Abstract（参考訳）: 最近のベンチマークやデータセットは視覚言語モデル(VLM)の空間的推論を改善するために提案されているが、既存のオープンリソースはスケール、視覚的多様性、命令表現性に制限されている。本稿では,VLMにおける空間的推論のためのオープンソースデータセットであるInternSpatialと,多様な命令形式で空間的理解を評価するための評価ベンチマークであるInternSpatial-Benchを紹介する。 InternSpatialは、シングルビューとマルチビューの両方にまたがる1200万のQAペアで構成され、多様なビジュアル環境から描画され、さまざまなクエリスタイルを反映した19の命令フォーマットをサポートする。 InternSpatial-Bench for single-view task and expand multi-view reasoning by introduced a novel rotation angle prediction task has been been explore in previous work。実験の結果、InternSpatialでトレーニングされたモデルは、InternSpatial-Benchで12.1%、VSI-Benchで10.7%向上し、汎用ベンチマークでは高い性能を維持した。ロボット工学やAIの具体化といった実践的な応用において,これらの資源が空間能力を持つVLMの開発を支援することを願っている。

関連論文リスト

SVQA-R1: Reinforcing Spatial Reasoning in MLLMs via View-Consistent Reward Optimization [57.484274282231226]
本稿では,R1スタイルのトレーニングを空間VQAに拡張する最初のフレームワークであるSVQA-R1を提案する。特に,オブジェクト間の空間的関係を摂動させることで,視点に一貫性のある報酬を構成する新しいグループワイドRL戦略であるSpatial-GRPOを紹介する。我々のモデルSVQA-R1は空間的VQAベンチマークの精度を劇的に向上させるだけでなく、教師付き微調整データを使用しなくても解釈可能な推論経路を示す。
論文参考訳（メタデータ） (2025-06-02T06:58:43Z)
ViewSpatial-Bench: Evaluating Multi-perspective Spatial Localization in Vision-Language Models [47.237216851265316]

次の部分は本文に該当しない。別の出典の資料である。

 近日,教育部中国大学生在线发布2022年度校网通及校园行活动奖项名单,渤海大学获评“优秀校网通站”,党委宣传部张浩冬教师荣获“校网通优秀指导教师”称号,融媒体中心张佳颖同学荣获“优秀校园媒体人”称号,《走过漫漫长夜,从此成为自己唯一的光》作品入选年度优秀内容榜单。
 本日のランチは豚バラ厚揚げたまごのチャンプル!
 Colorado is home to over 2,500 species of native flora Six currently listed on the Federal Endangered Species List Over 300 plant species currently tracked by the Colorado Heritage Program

視覚言語モデル (VLM) は視覚的内容の理解と推論において顕著な能力を示した。現在のVLMは、主に自我中心の空間的推論(カメラの観点から)に優れるが、同中心の視点に一般化することができない。マルチ視点空間位置認識評価に特化して設計された,初の総合的なベンチマークであるViewSpatial-Benchを紹介する。
論文参考訳（メタデータ） (2025-05-27T17:59:26Z)
SpatialScore: Towards Unified Evaluation for Multimodal Spatial Understanding [64.15606979785355]

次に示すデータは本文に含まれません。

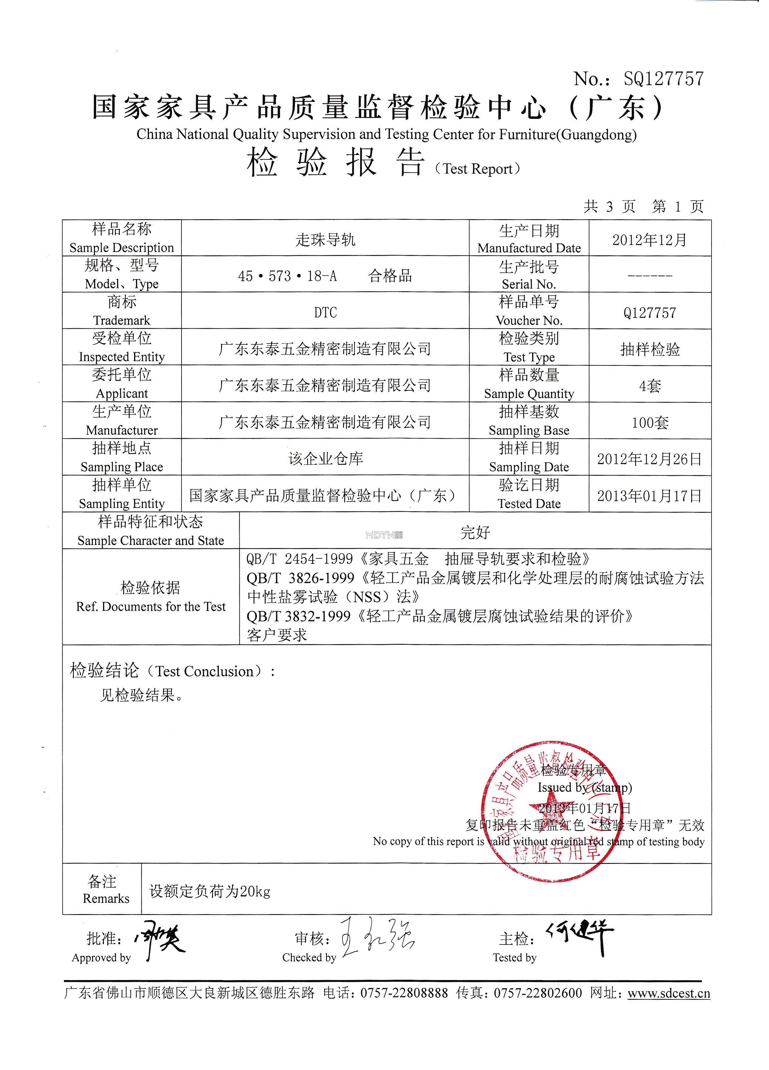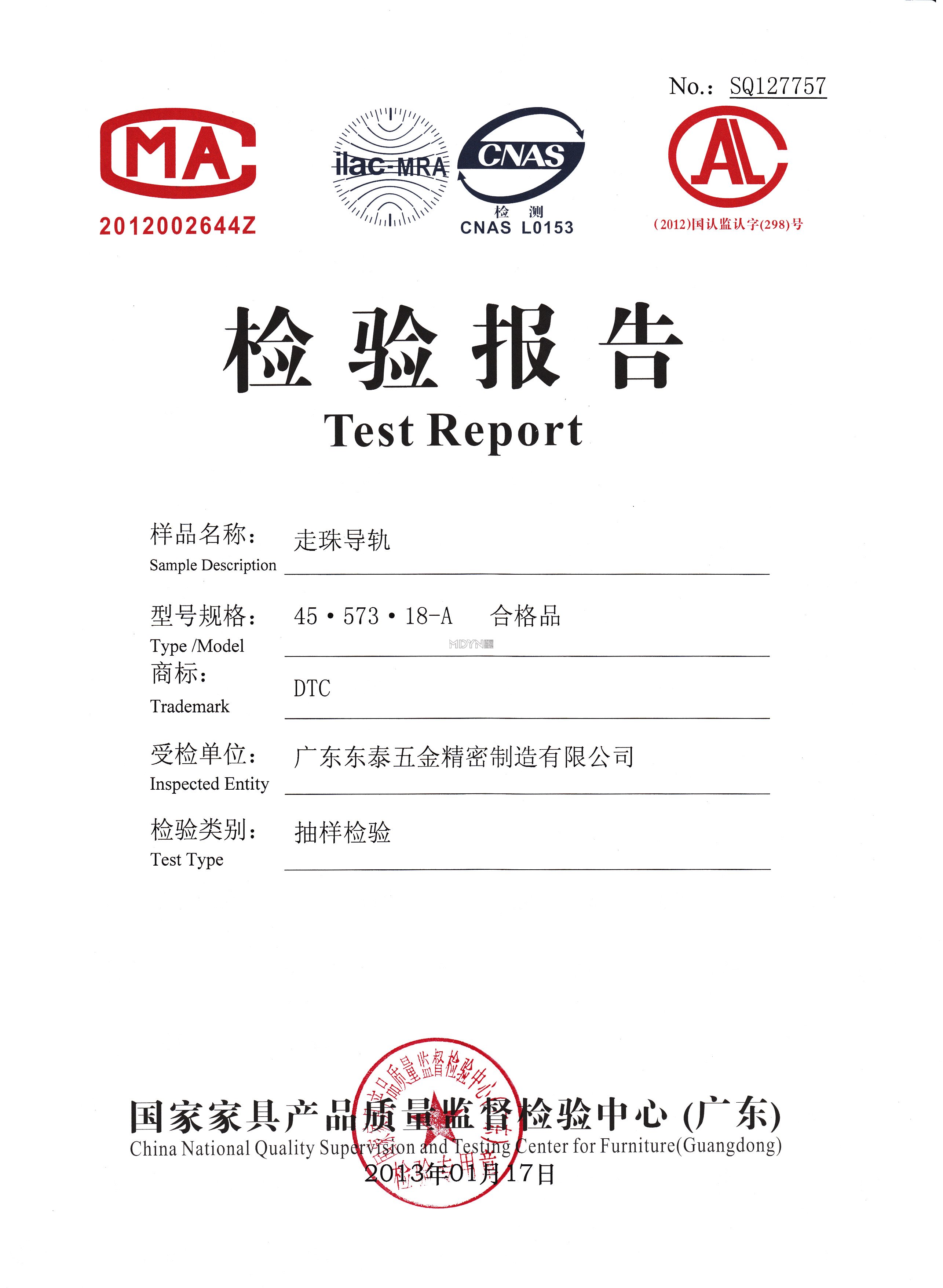 五金導軌檢測證書

マルチモーダル大規模言語モデル(MLLM)は,質問応答タスクにおいて顕著な成功を収めているが,空間的理解能力は乏しい。既存のMLLMは3次元空間認識と理解能力を持っているか?
論文参考訳（メタデータ） (2025-05-22T17:59:03Z)
Benchmarking Large Vision-Language Models on Fine-Grained Image Tasks: A Comprehensive Evaluation [53.84282335629258]
我々は、FG-BMKと呼ばれる包括的きめ細かい評価ベンチマークを導入し、1.01万の質問と0.33万の画像を含む。本評価では,人間指向と機械指向の両方の観点からLVLMを体系的に検討する。トレーニングパラダイム,モダリティアライメント,摂動感受性,および細粒度カテゴリー推論がタスクパフォーマンスに与える影響について,重要な知見を明らかにした。

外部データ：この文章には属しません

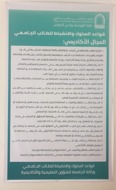 • قواعد السلوك والانضباط للطالب الجامعي بجامعة الأمير سطام.
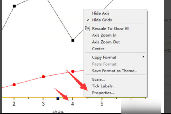 3、修改格式,首先修改坐标格式,选择坐标,右键属性。
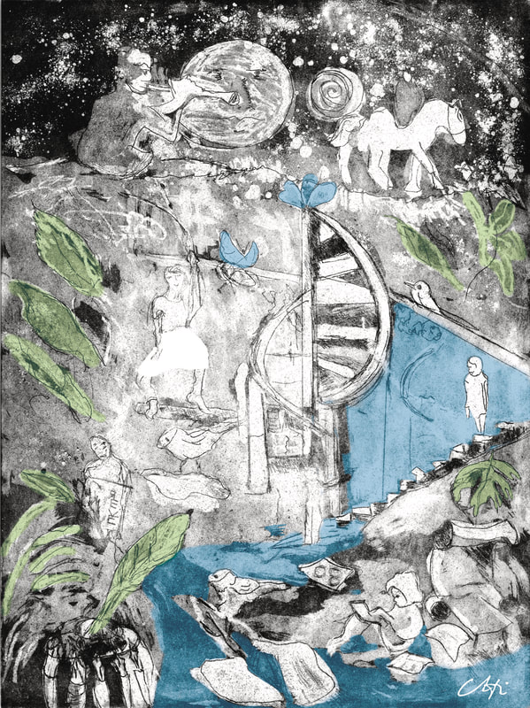 puis à la gravure, du monotype à l'aquarelle....L'interprétation du sujet m'impose un choix de technique.

論文参考訳（メタデータ） (2025-04-21T09:30:41Z)
Cambrian-1: A Fully Open, Vision-Centric Exploration of Multimodal LLMs [61.143381152739046]
視覚中心のアプローチで設計したマルチモーダルLLM(MLLM)のファミリーであるCambrian-1を紹介する。本研究は,様々な視覚表現を評価するためのインタフェースとして,LLMとビジュアルインストラクションチューニングを用いた。モデルウェイト、コード、サポートツール、データセット、詳細なインストラクションチューニングと評価のレシピを提供しています。
論文参考訳（メタデータ） (2024-06-24T17:59:42Z)
ALLaVA: Harnessing GPT4V-Synthesized Data for Lite Vision-Language Models [45.040292339670096]
大規模視覚言語モデル(LVLM)は、その強力な推論と一般化能力を備えた幅広い視覚言語タスクの前提を示してきた。本研究では,従来のLVLMとリソースフレンドリなライトバージョンのパフォーマンスギャップを,高品質なトレーニングデータを用いて橋渡しすることを目的とする。
論文参考訳（メタデータ） (2024-02-18T19:26:49Z)

関連論文リストは本サイト内にある論文のタイトル・アブストラクトから自動的に作成しています。

指定された論文の情報です。
本サイトの運営者は本サイト（すべての情報・翻訳含む）の品質を保証せず、本サイト（すべての情報・翻訳含む）を使用して発生したあらゆる結果について一切の責任を負いません。